The end of the moratorium should ease price volatility, bringing "a level of stability to the marketplace that, frankly, it's good for developers, it's good for producers, it's good for everybody," Mike Carr, executive director of the Solar Energy Manufacturers of America, said.
In 2023, the Department of Commerce determined that Chinese solar was making its way into the US duty-free, despite tariffs on imports from the country. Instead, Chinese producers would route their modules through Southeast Asia, which traded freely with the US.
To close the loophole, the department issued tariffs on these regions as well. But their impact has never been felt, given a pre-emptive pause on the legislation, which just expired.
Behind the tariff moratorium were White House concerns that the restrictions could hinder US energy transition, as domestic solar production was still nascent.
But this gave way to a flood of cheap imports, causing solar prices to crater last year.
In Carr's telling, that's because Southeast Asian producers never stopped manufacturing despite pausing trade during the department's investigation. Once the pause on tariffs took effect, the region unloaded, causing the massive supply glut.
"The level of imports far exceeded what was happening before the moratorium was put in place, and it just absolutely flooded our markets as well to an unprecedented level," Carr said. "And so when that happened, that created just massive uncertainty around pricing going forward in our market, as prices continued to fall. And so it did have an effect of killing some of the investment."
In one extreme, the oversupply of solar panels cause global pricing to drop by half last year, with China driving the flood of supply. Meanwhile, solar shipments from Southeast Asian producers have not slowed, and accounted for 87.5% of US module imports in the first quarter, S&P Global said.
The tariffs could eventually bring upside for US producers, and Carr indicates that a 25%-30% price correction for solar modules could materialize.

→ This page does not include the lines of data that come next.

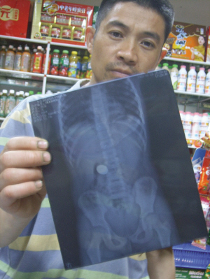 “我们夫妻俩是做生意的,没时间在家带孩子。23号那天晚上,电视里正在表演变魔术的综艺节目,儿子一个人边看电视边拿着一枚硬币玩,我们忙着做饭也没管他。直到第二天早上,他才告诉我头天晚上将硬币吞到肚子里了,我赶紧带他去了医院。”杨先生说:“做完透视,拍完片子,医生诊断说,孩子肚里确实有一枚硬币。医生建议让孩子多吃韭菜,看能不能将硬币排泄出来。现在已5天了,还是没排出来,怎么办?”
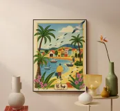 Un poster di viaggio che raffigura St. Ives in Cornovaglia
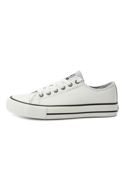 Кеды с перфорацией на мысе и текстильной вставкой на заднике сшили из матового материала, напоминающего кожу. Модель со шнуровкой и молнией украсили сбоку тисненой эмблемой марки.
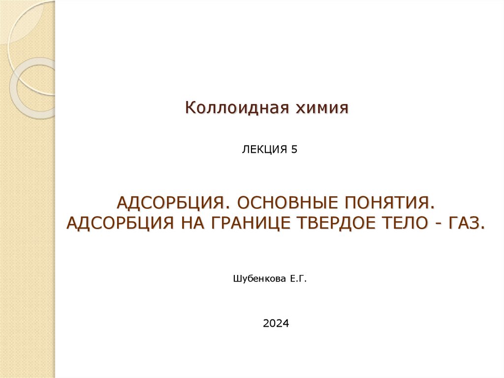 Коллоидная химия. Адсорбция. Основные понятия (лекция 5)
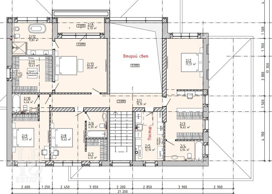 План 2 этажа: постирочная, мастерспальня, три спальни с с\у и гардеробными.
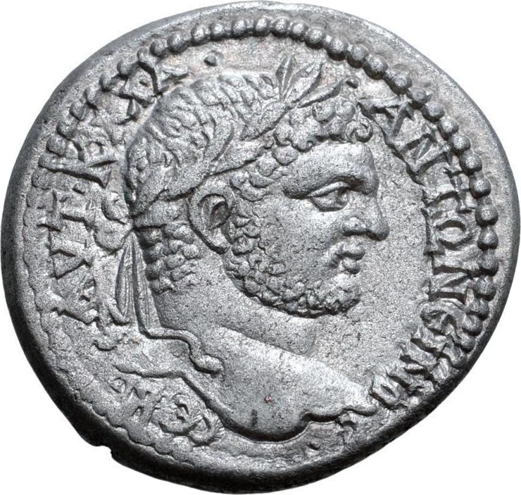 laureate head of Caracalla, right
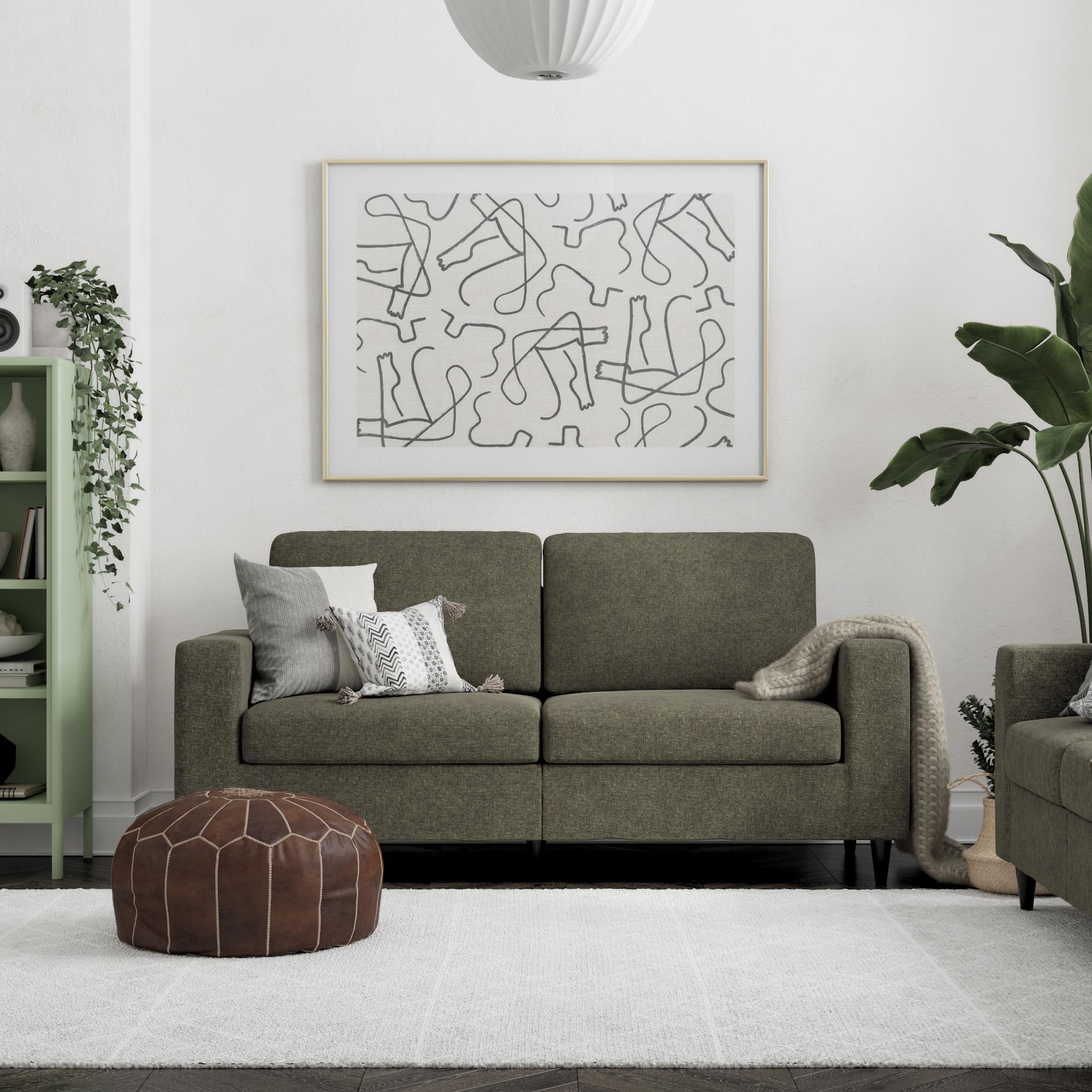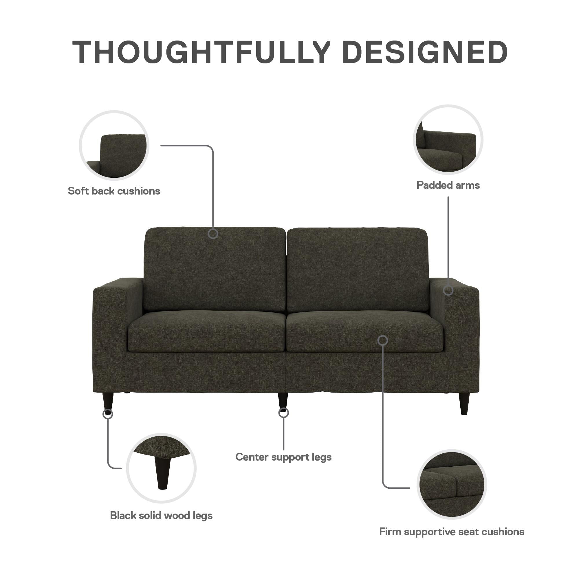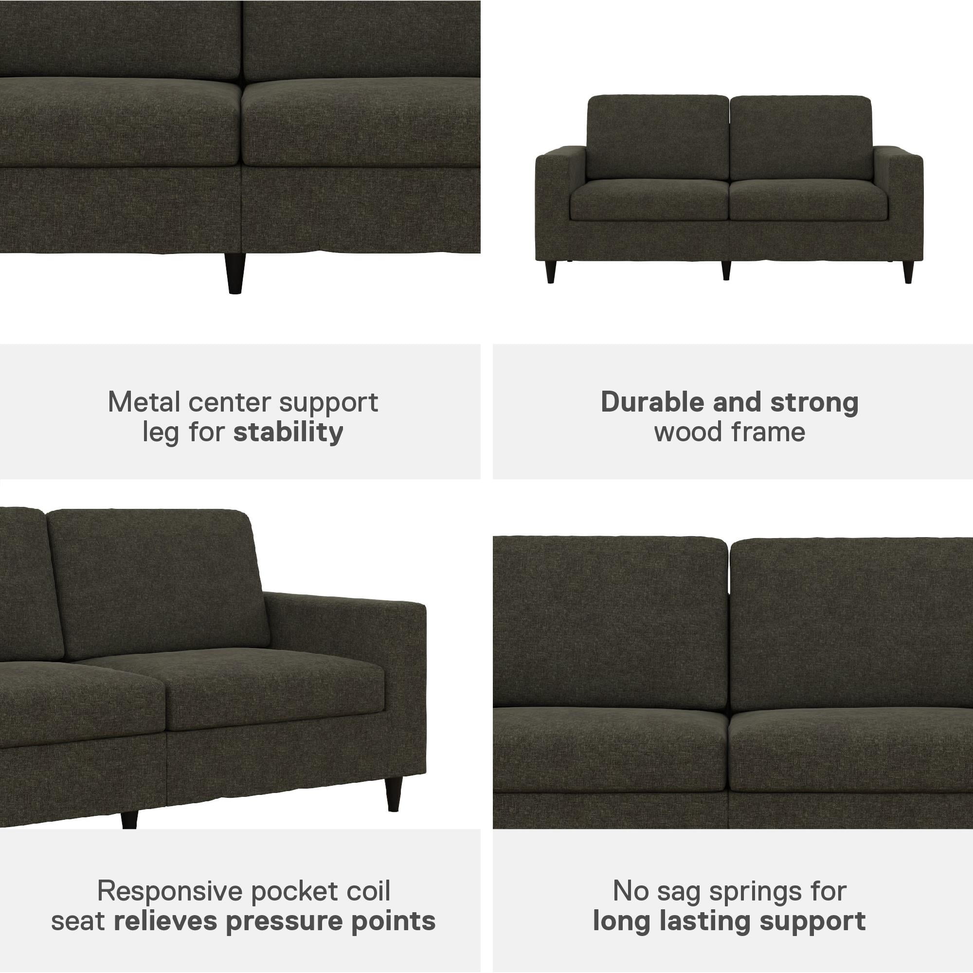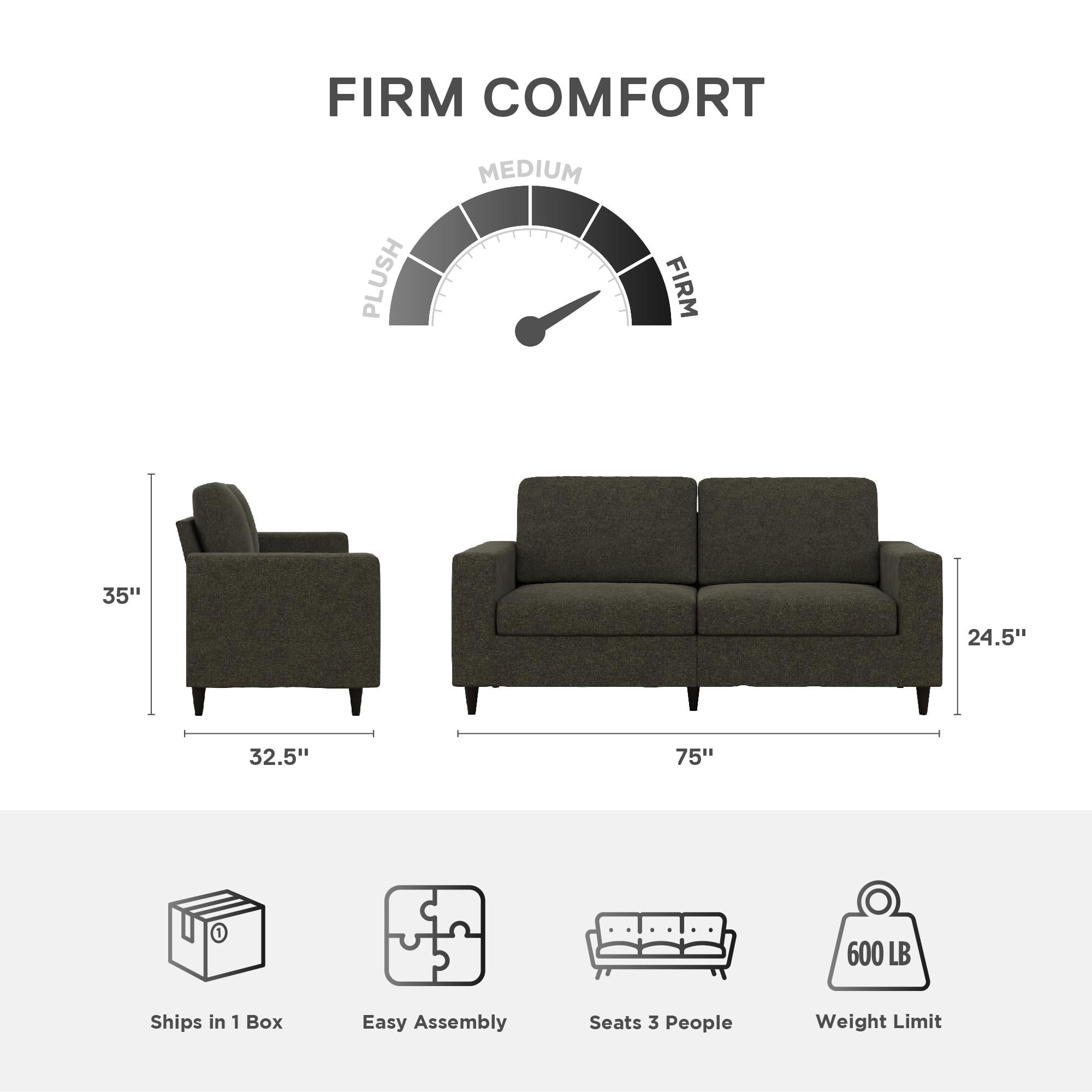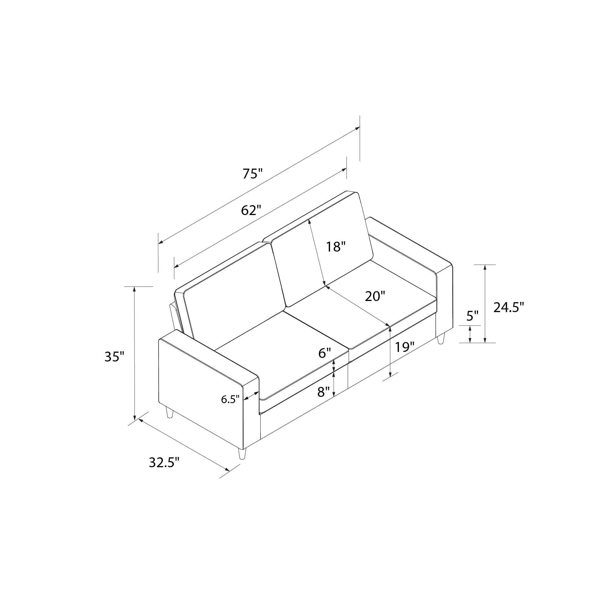 Contemporary 3 seater sofa and couch with pocket coil seats for optimal comfort. Sturdy wood frame with solid rubber wood legs with a black finish. Perfect modern furniture for your living room. Can be paired with the matching DHP Cooper 2 Seater Loveseat. Ships one box. Easy assembly. Available in multiple colors and finishes. 1-year limited warranty. Product dimensions: 75″L x 32.5″W x 35″H. Seating dimensions : 62”L x 20”W x 18”H. Weight limit: 600 lbs. Net weight: 89 lbs. Shipping dimensions: 44″L x 30″W x 26″H. Gross weight: 103 lbs.
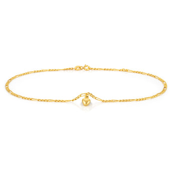 9ct Yellow Gold Heart Charm 3:1 Figaro 29cm Anklet
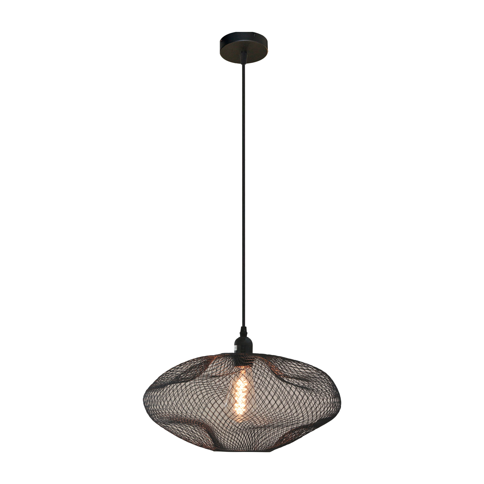 ★โคมทำจากเหล็ก ทรงรี ลายตาข่าย สีดำ

However, he emphasized that pricing isn't a leading driver of solar deployment, and analysts should not focus too much on prices to measure the industry's performance.
Instead, the tariffs could succeed in calming volatility in the market and bringing back needed investment in the space, he said.
At the same time, there are other positives for the domestic industry to look forward to, David Feldman of the National Renewable Energy Laboratory told BI. The market could soon see further guidance on tax credits related to the Inflation Reduction Act and trade adjustments to boost US competition.
Since the the moratorium was lifted on Thursday, two major Chinese solar companies announced suspensions in Southeast Asian facilities, Reuters reported, as analysts expect import volumes to slow.
Meanwhile, US producers are calling for more protections, with a coalition of manufacturers petitioning the Commerce Department to impose more tariffs.